Setting up and pulling cleanly

The close grip pull up rewards patience in the setup. The grip is narrow so the wrists, elbows and shoulders all sit in a more demanding position than on a wider pull up. Walk through each phase before chasing reps.

1. Grip and hang

Grip the bar with hands roughly shoulder width or slightly narrower. Pronated (palms forward) is the standard. Neutral parallel handles are an option if your bar has them. Hang at full arm extension with the shoulders pulled down and back. This active hang is the start position.

2. The pull

Drive the elbows down and slightly forward. The chest leads the way up toward the bar. The close grip pull up finishes with the upper chest near the bar, not the chin. Stopping at chin level cuts off the most productive part of the range.

3. The peak contraction

Pause for one second at the top.

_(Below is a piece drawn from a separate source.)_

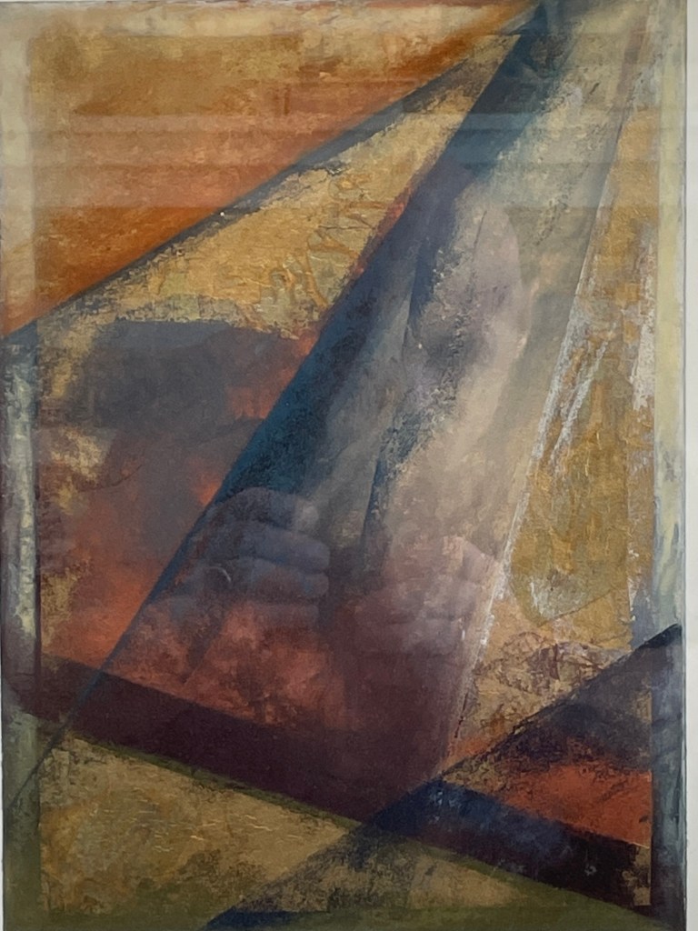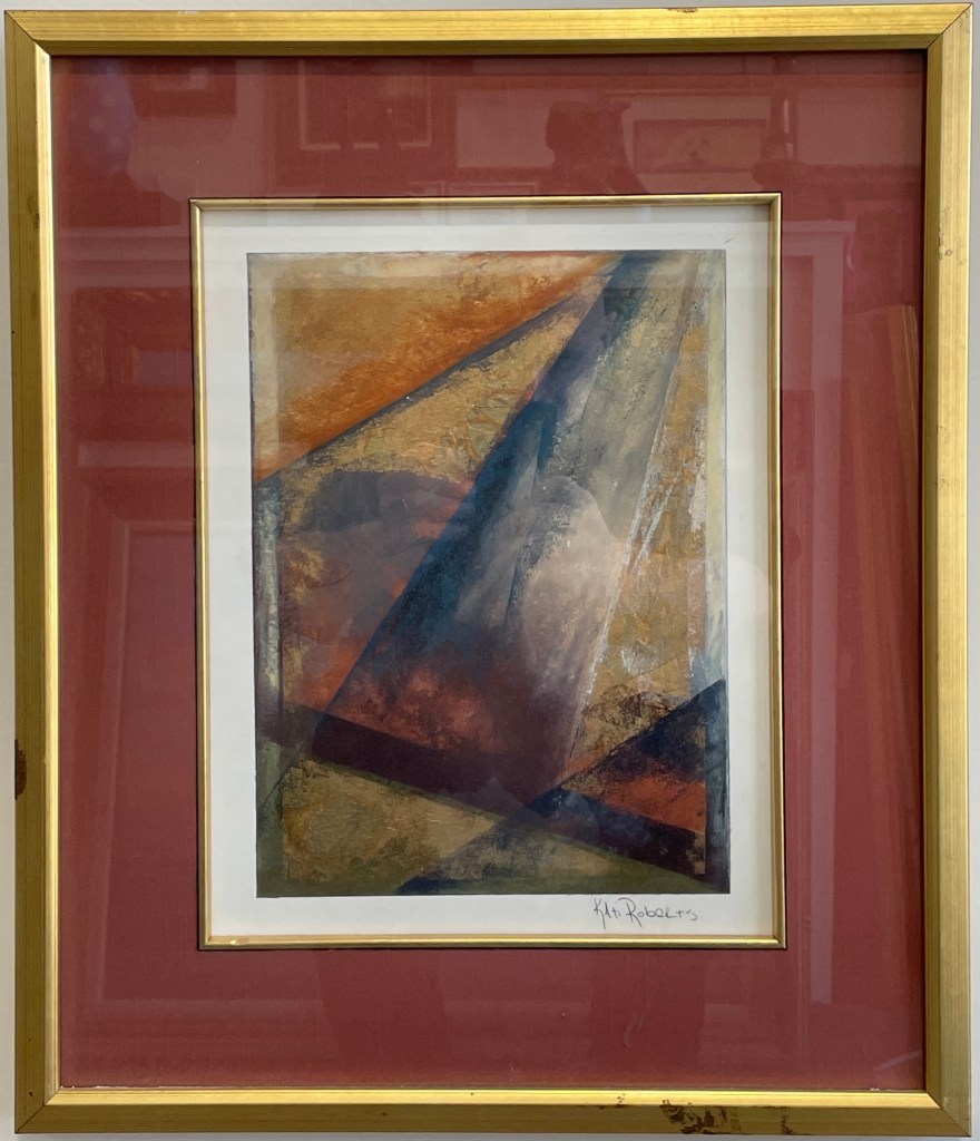 A dynamic interplay of geometric forms and layered color fields—Roberts invites the viewer to navigate tension and harmony through shifting planes of blue, ochre, and sienna. Framed in gold with maroon matting to echo the painting’s tonal depth.

The chest is high, the shoulder blades are pulled down and back, the lower lats are fully shortened. This is the position where the lift produces its hardest peak contraction and where most lifters cheat by stopping short.

4. The descent

Lower under control over two to three seconds. The arms straighten fully at the bottom. Eccentric loading drives a large fraction of hypertrophy on pull ups (Schoenfeld 2010), so a fast drop wastes the most productive half of the rep.

5. The dead hang reset

Return to a fully extended dead hang for a brief moment before pulling again. The pause prevents momentum from carrying you into the next rep and ensures every rep starts from the same range of motion.

Muscles worked

What the close grip pull up trains

The narrow grip changes the muscle distribution compared to a wider pull up. The lats, especially the lower fibres, do more of the work. The biceps assist heavily because the close grip places the elbow flexors in a stronger position.

Latissimus dorsi

Primary mover. The narrow grip lengthens the lat at the top of the rep and emphasises the lower portion of the muscle. Close grip pull ups are one of the best exercises for the lower lat insertion near the iliac crest, which contributes to the V taper appearance of a developed back.

Biceps brachii

The close grip places the biceps in a strong mechanical position. Biceps activation on close grip pull ups is high, especially with neutral or slightly supinated handles. This makes them productive for arm development as a secondary effect.

Brachialis and brachioradialis

The brachialis sits beneath the biceps and assists with elbow flexion. The brachioradialis contributes through the forearm. Both are loaded heavily on the close grip variant, more so than on wider pull ups.

Mid back and core

The rhomboids, mid traps and lower traps stabilise the scapula. The abdominals prevent lower back hyperextension and trunk swing. A clean close grip pull up requires significant core engagement to keep the body in line.

Common mistakes

Five errors that limit close grip pull ups

The close grip pull up is harder than most lifters expect. Bad form usually shows up as fatigue accumulates. These are the errors to spot on video before they become habit.

Kipping for momentum

Swinging the legs or hips to throw the body up moves the load to momentum rather than the back. Strict reps train the back. Kipping reps train conditioning. Keep the body straight with ankles crossed if helpful. Pull with the lats.

Partial range

Stopping the pull at the chin or dropping early on the descent halves the productive range. Every rep clears the upper chest at the bar and returns to a fully extended dead hang at the bottom. Full range close grip pull ups are harder. Train them anyway.

Wrist strain

A narrow pronated grip can stress the wrists if the bar is fixed and your shoulder mobility is limited. If you feel wrist discomfort, switch to a neutral grip on parallel handles. Most pull up bars have a close neutral option for exactly this reason.

Shrugging at the bottom

If the shoulders rise toward the ears at the bottom of the rep the upper traps take over. Reset shoulder depression at every dead hang. Pull the shoulders down and back before bending the elbows.

Rushing the eccentric

Most pull up sets are done with a fast drop. The eccentric is where most of the hypertrophy happens. Two to three seconds on the way down doubles the productive time per rep with no extra strain.

Programming

Sets, reps and progression from your first rep to weighted work

Close grip pull up programming depends on your current capacity. Most lifters can do fewer close grip pull ups than wide grip pull ups. Adjust expectations accordingly.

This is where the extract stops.